:: Required work ::
An exact reproduction of the listing is wanted, with the pictures dropped.

Exercise data Start Marker

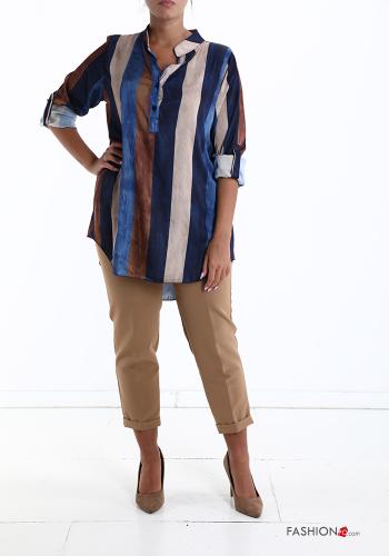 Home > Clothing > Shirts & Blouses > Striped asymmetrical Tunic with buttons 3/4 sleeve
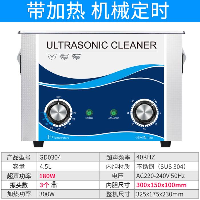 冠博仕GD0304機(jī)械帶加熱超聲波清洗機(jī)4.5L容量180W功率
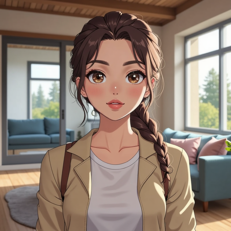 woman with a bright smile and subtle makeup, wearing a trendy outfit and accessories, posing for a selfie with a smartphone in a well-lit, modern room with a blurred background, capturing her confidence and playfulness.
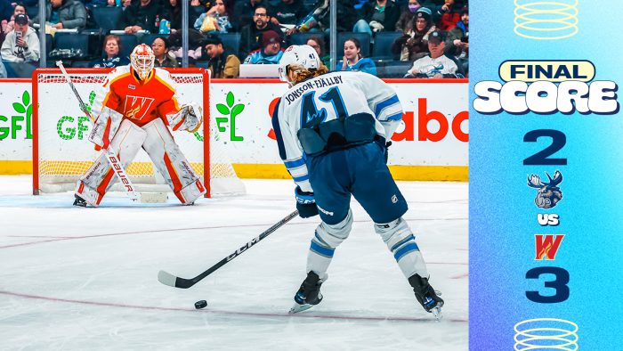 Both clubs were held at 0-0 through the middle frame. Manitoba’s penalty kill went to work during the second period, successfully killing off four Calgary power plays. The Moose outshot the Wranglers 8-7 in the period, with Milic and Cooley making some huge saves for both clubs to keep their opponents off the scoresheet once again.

Exercise data End Marker

:: Answer space ::
 Home > Clothing > Shirts & Blouses > Striped asymmetrical Tunic with buttons 3/4 sleeve
 冠博仕GD0304機(jī)械帶加熱超聲波清洗機(jī)4.5L容量180W功率
 woman with a bright smile and subtle makeup, wearing a trendy outfit and accessories, posing for a selfie with a smartphone in a well-lit, modern room with a blurred background, capturing her confidence and playfulness.
 Both clubs were held at 0-0 through the middle frame. Manitoba’s penalty kill went to work during the second period, successfully killing off four Calgary power plays. The Moose outshot the Wranglers 8-7 in the period, with Milic and Cooley making some huge saves for both clubs to keep their opponents off the scoresheet once again.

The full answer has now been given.